- [Aim of the task]: Below is a listing; print exactly its lines from the one containing "Процесс, в котором" down to the one containing "4、上传行驶证和车辆照片依旧", both inclusive, with every picture left out.

- [Data extracts]:
□ □ □
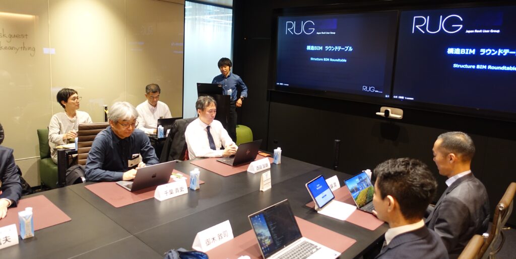 今年5月に東京・虎ノ門のオートデスク本社会議室で開かれた会合「構造BIMラウンドテーブル」には、BIMソフト『Revit』のユーザー会「RUG」の構造ワーキンググループと、Revitによる業務プロセスの効率化を目指す大手ゼネコン5社のBIM推進担当らで構成する組織「BIM Summit」の主要メンバーに、一貫構造計算ソフトベンダーの担当者らを加えた総勢20人が参加した。
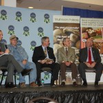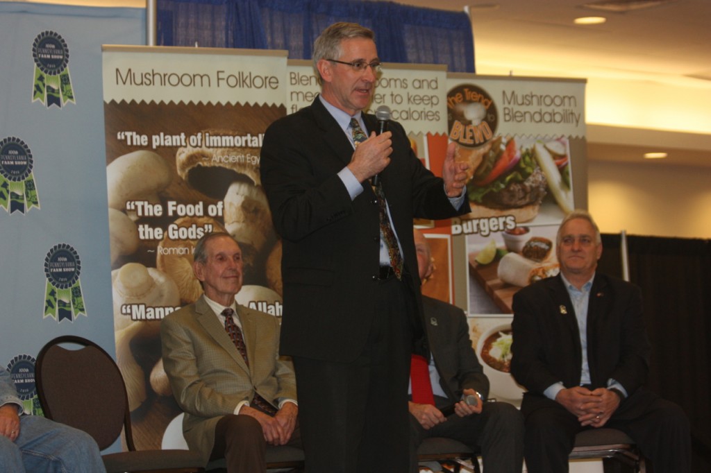Michael Smith, executive deputy secretary of agriculture, introduces the panel of current and former Pennsylvania secretaries of agriculture (L-R), Samuel Hayes, 1997-2003; current secretary Russell Redding; Kent Shellhamer, 1977-79; Dennis Wolff, 2003-2009; and George Greig, 2011-15. Former secretary Boyd Wolf, 1987-95, was also in the audience, but did not participate.10
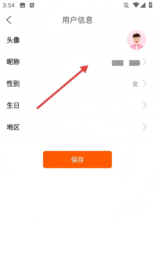 3、在用户信息界面点击【昵称】,进入昵称修改页面。
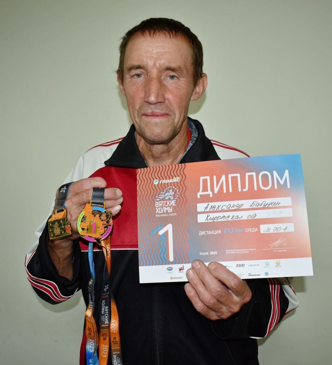 Омутнинский легкоатлет-ветеран в очередной раз принимал участие в областном полумарафоне «Вятские холмы». В этом году на старт юбилейного десятого массового забега встали сотни участников со всей Кировской области. Омутнинский район представлял Александр Бабурин. Трасса «Вятских холмов» оправдывает свое название. Она - рельефная и скоростная за счет многочисленных спусков. Полумарафон — это 21,1 км, предстояло пробежать четыре круга. Александра Леонидовича омутнинцы привыкли видеть бегущим по улицам города в любую погоду. Благодаря таким ежедневным тренировкам на выносливость и скорость, эту трудную дистанцию он пробежал равномерно и стал победителем в возрастной категории 70+. Спортивный сезон для Александра еще не завершен. В планах у нашего бегуна участие в «Кроссе нации»-2025 и другие старты!
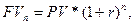 Процесс, в котором при заданных значениях PV и r необходимо найти, величину будущей стоимости инвестиционных средств к концу определенного периода времени (n), называют операцией наращивания.
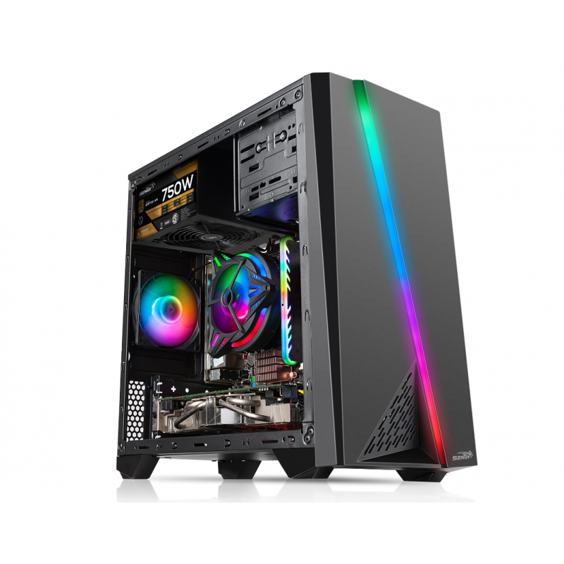 El gabinete gamer SENTEY F10 posee una ventana transparente acrílica en su lateral posibilitando la visualización de todos los periféricos gamer con luz LED que le sumes al equipo y otorgándole una estética superior.
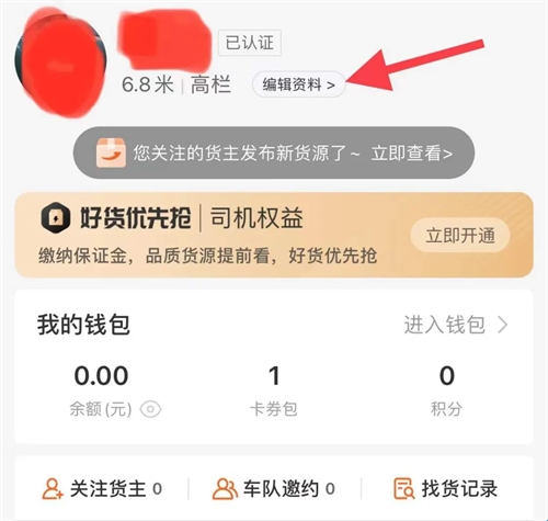 4、上传行驶证和车辆照片依旧是从头像旁的“编辑资料”点击进入,行驶证上传主页、副页,必须拍清楚、拍全,行驶证可以是公司户和个人户。如果是半挂车,车头和挂的行驶证都需要上传哦。接下来是车辆照片:
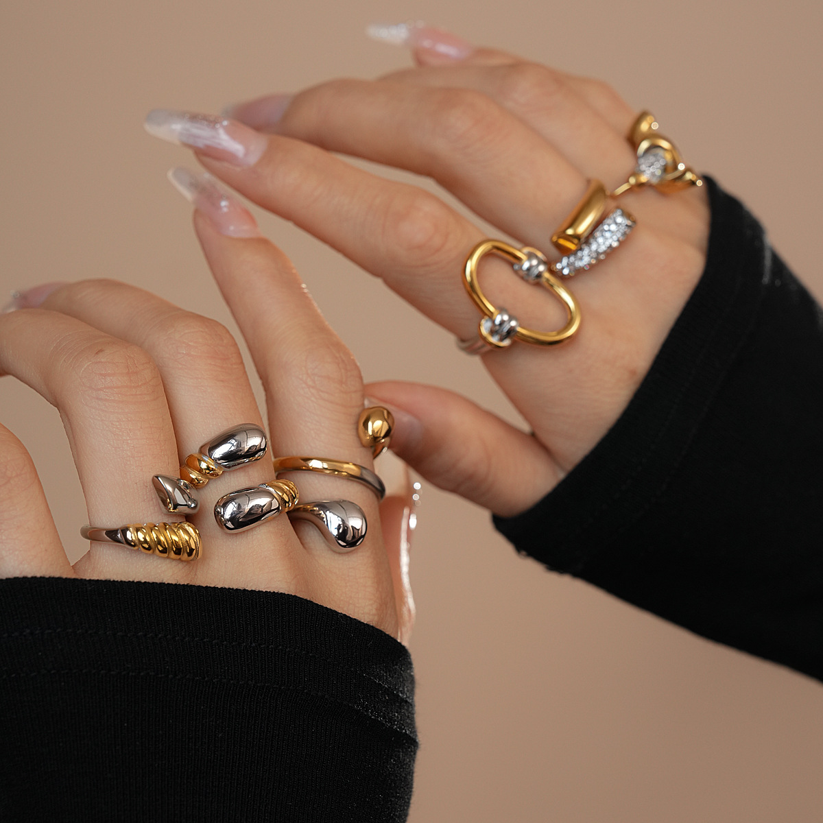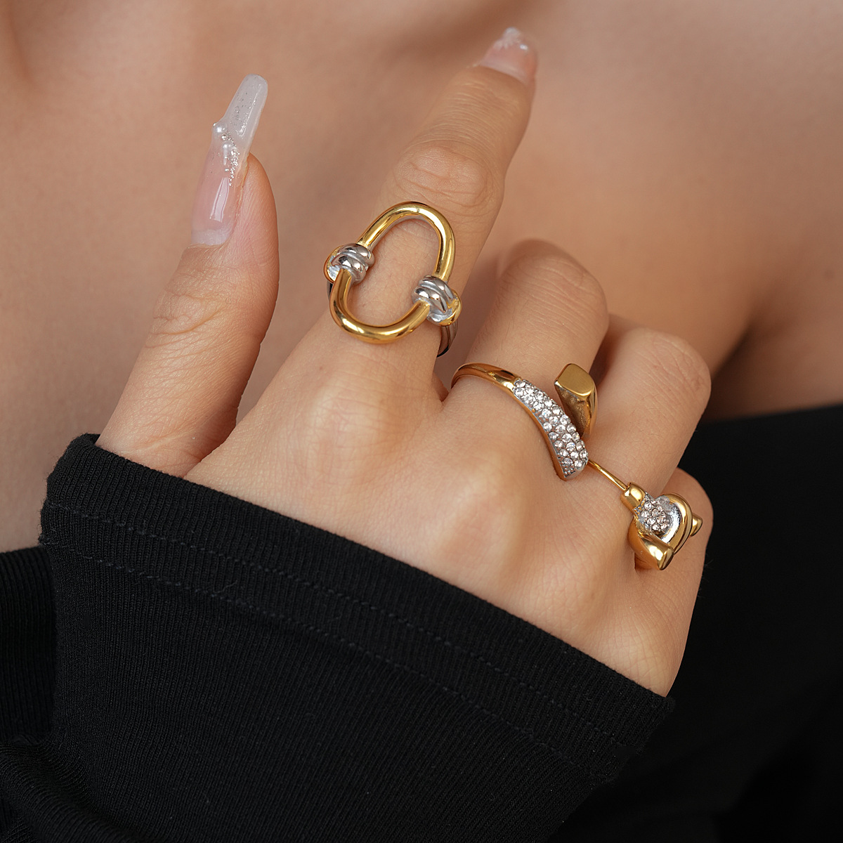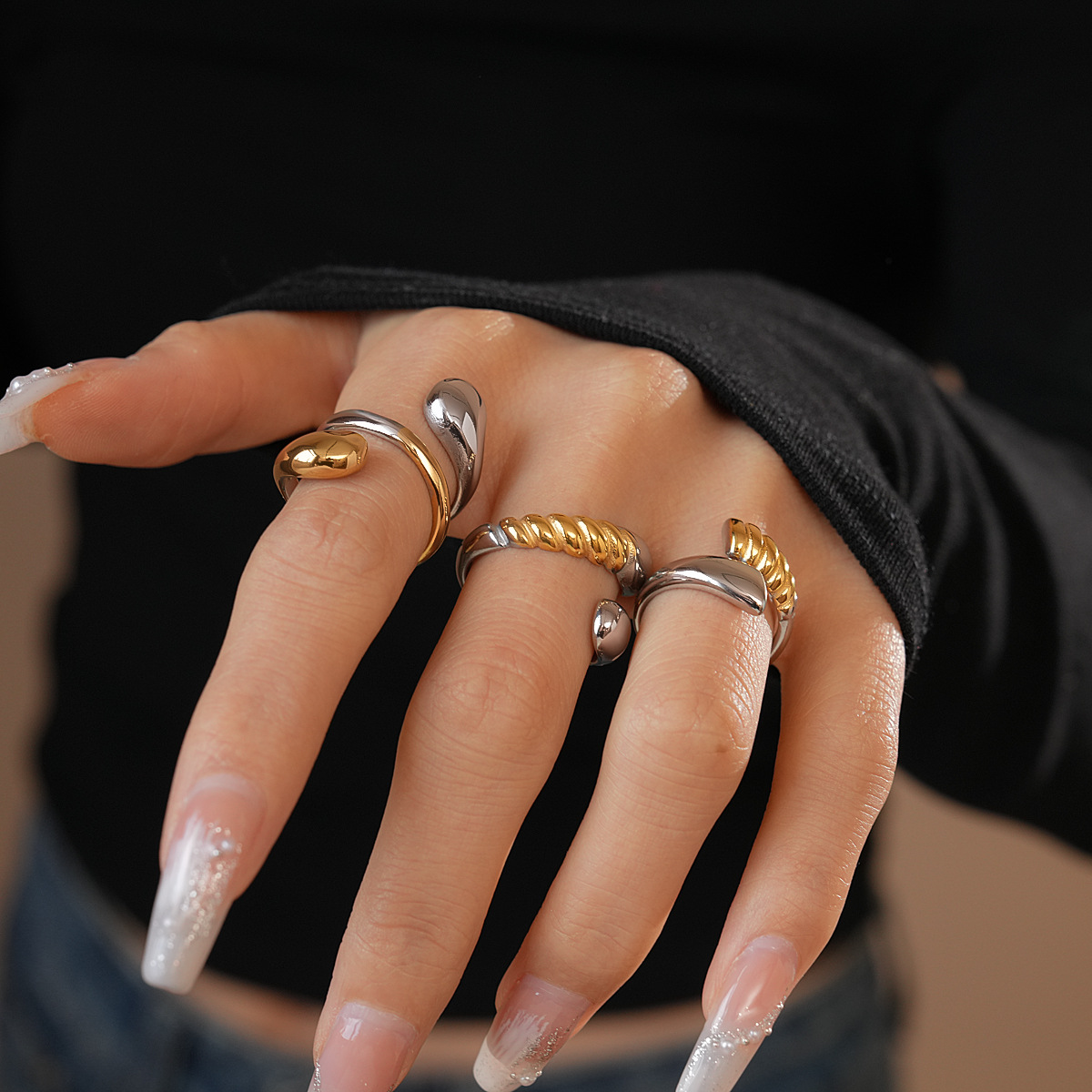 Stainless Steel Contrasting Color Snake-Shaped Ring, Unique Design, Index Finger Ring, Niche Fashion Trend Jewelry Wholesale for Women
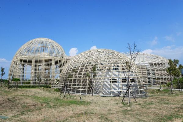 進入園區,馬上會注意到圓弧鋼構的管理大樓;走在造型特殊的建築裡,陽光將影子灑下鋼構,虛實交錯的空間感頗為迷人。在亮與暗的層次間,登上生態教育館的頂樓,可見雨水回收系統、砂地植物、生態水池及綠化植栽,正是一幅綠意與科技結合的景象。「人類向大自然借了乾淨的水來用,就該把乾淨的水還給大自然。這中間的處理環節,是我們的任務所在,也包含了本中心的環境理念」,桃園北區水資源回收中心環教人員李雲荇說。
□ □ □
- [Response area]:
 Процесс, в котором при заданных значениях PV и r необходимо найти, величину будущей стоимости инвестиционных средств к концу определенного периода времени (n), называют операцией наращивания.
 El gabinete gamer SENTEY F10 posee una ventana transparente acrílica en su lateral posibilitando la visualización de todos los periféricos gamer con luz LED que le sumes al equipo y otorgándole una estética superior.
 4、上传行驶证和车辆照片依旧是从头像旁的“编辑资料”点击进入,行驶证上传主页、副页,必须拍清楚、拍全,行驶证可以是公司户和个人户。如果是半挂车,车头和挂的行驶证都需要上传哦。接下来是车辆照片:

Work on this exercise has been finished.